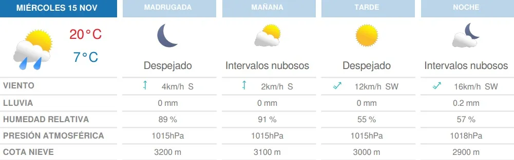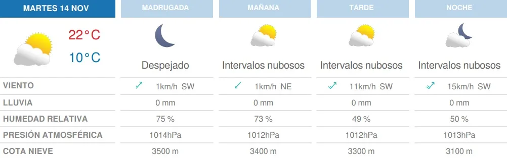 El jueves subirán solo un poquito las temperaturas, con una máxima de 22°C y una mínima de 6°C. Para ese día no se pronostican lluvias.
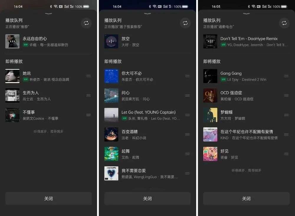 在歌曲播放界面的「播放队列」里,可以看到算法推荐的之后要播放的歌曲,下方有会有小字提示「听得越多,推荐越多」,从而即将播放的歌曲是随着用户在歌曲间切换不断更新的。
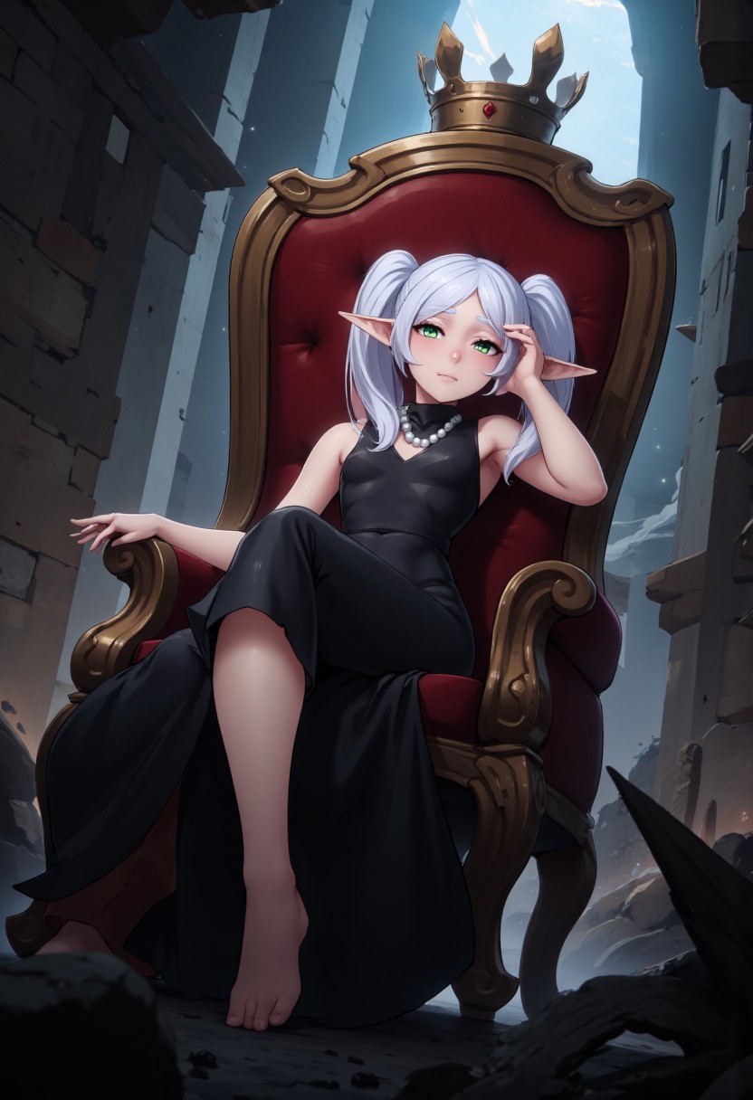zzCitronCAT, nereirfpnxl, frieren, elf, pointy ears, green eyes, white hair, twintails, black dress, head tilt, sitting on throne, huge throne, oversized throne, ruins, abandoned castle, crown, pearl necklace
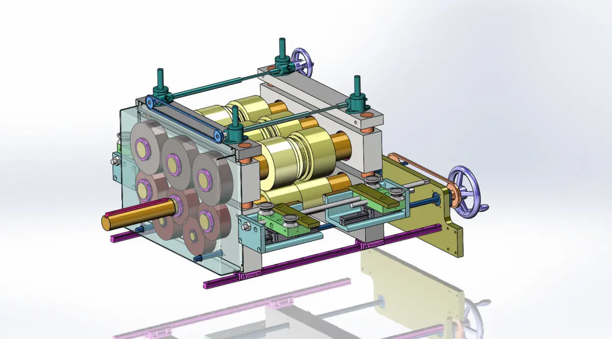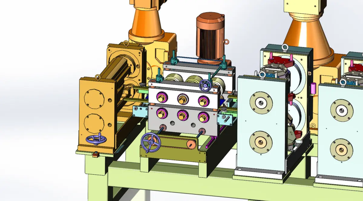 Feed & Form Unit is a sub-assembly of roll-forming line. Used to push flattened coil through.
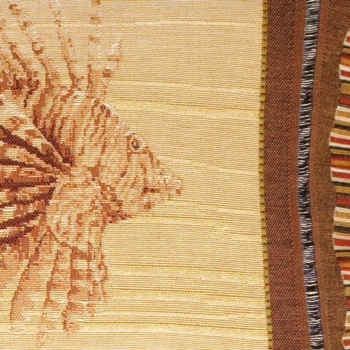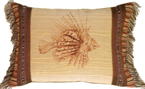 This wonderful rectangular pillow features a richly detailed lion fish set against a neutral background framed by a chocolate brown striped border and a simple black, white and brown fringe. The rich earth tones give this tropical fish a sophisticated and original touch.Features:-15" x 20" Pillow-Made in France, Tapestry Jacquard-Concealed Zipper-Back: Brown Cotton Canvas-Dry Clean Only-Filling: 100% Polyfill • Pillow dimensions always refer to the pillow cover''s width and length while lying flat unstuffed and are rounded up to the nearest whole inch.

DIRECTIONS FOR THIS TASK:
Pictures must be left out. Return verbatim only the lines from the line with "Feed & Form" through the final line of the material above, including both ends.

RESULT OF THIS EXERCISE:
 Feed & Form Unit is a sub-assembly of roll-forming line. Used to push flattened coil through.
 This wonderful rectangular pillow features a richly detailed lion fish set against a neutral background framed by a chocolate brown striped border and a simple black, white and brown fringe. The rich earth tones give this tropical fish a sophisticated and original touch.Features:-15" x 20" Pillow-Made in France, Tapestry Jacquard-Concealed Zipper-Back: Brown Cotton Canvas-Dry Clean Only-Filling: 100% Polyfill • Pillow dimensions always refer to the pillow cover''s width and length while lying flat unstuffed and are rounded up to the nearest whole inch.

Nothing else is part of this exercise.